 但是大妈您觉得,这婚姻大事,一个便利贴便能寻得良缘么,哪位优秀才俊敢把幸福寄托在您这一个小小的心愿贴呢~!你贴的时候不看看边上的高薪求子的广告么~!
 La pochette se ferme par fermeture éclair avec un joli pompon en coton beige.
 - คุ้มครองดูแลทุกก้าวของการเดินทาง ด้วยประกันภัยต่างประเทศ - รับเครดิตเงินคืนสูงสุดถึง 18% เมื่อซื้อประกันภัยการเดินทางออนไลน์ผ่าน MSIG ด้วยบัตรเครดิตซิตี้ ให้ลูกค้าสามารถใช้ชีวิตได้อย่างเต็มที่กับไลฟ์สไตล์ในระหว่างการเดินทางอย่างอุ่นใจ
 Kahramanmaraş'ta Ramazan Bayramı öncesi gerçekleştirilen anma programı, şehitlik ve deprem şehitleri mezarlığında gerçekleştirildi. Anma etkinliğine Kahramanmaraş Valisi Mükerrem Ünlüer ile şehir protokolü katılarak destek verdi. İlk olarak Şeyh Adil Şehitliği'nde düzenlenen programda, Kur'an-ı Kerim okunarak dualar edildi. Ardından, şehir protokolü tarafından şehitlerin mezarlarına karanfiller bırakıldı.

...

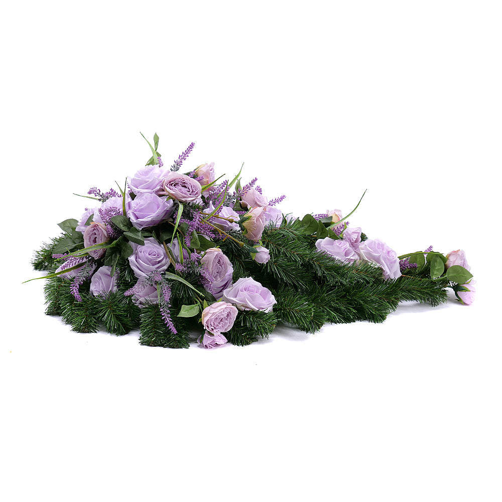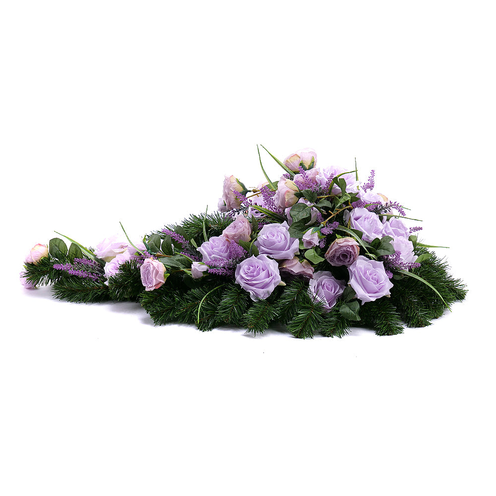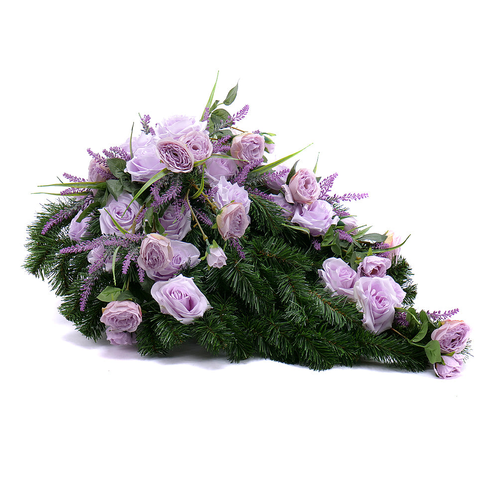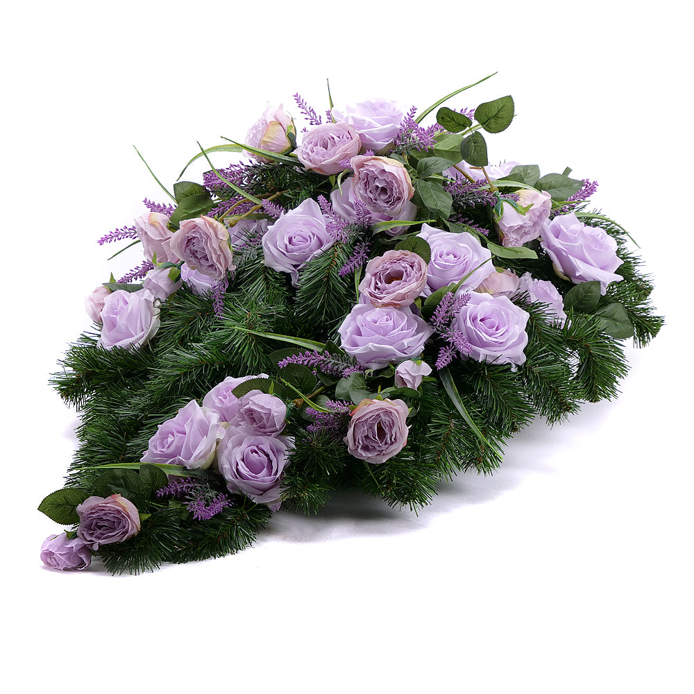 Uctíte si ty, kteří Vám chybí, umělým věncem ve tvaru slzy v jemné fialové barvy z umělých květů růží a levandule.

[Required work] In the data above, start at the line that has "- คุ้มครองดูแลทุกก้าวของการเดินทาง ด้วยประกันภัยต่างประเทศ", stop after the line that has "Kahramanmaraş'ta Ramazan Bayramı", and print every line in between exactly as it stands.

[Task response]
 - คุ้มครองดูแลทุกก้าวของการเดินทาง ด้วยประกันภัยต่างประเทศ - รับเครดิตเงินคืนสูงสุดถึง 18% เมื่อซื้อประกันภัยการเดินทางออนไลน์ผ่าน MSIG ด้วยบัตรเครดิตซิตี้ ให้ลูกค้าสามารถใช้ชีวิตได้อย่างเต็มที่กับไลฟ์สไตล์ในระหว่างการเดินทางอย่างอุ่นใจ
 Kahramanmaraş'ta Ramazan Bayramı öncesi gerçekleştirilen anma programı, şehitlik ve deprem şehitleri mezarlığında gerçekleştirildi. Anma etkinliğine Kahramanmaraş Valisi Mükerrem Ünlüer ile şehir protokolü katılarak destek verdi. İlk olarak Şeyh Adil Şehitliği'nde düzenlenen programda, Kur'an-ı Kerim okunarak dualar edildi. Ardından, şehir protokolü tarafından şehitlerin mezarlarına karanfiller bırakıldı.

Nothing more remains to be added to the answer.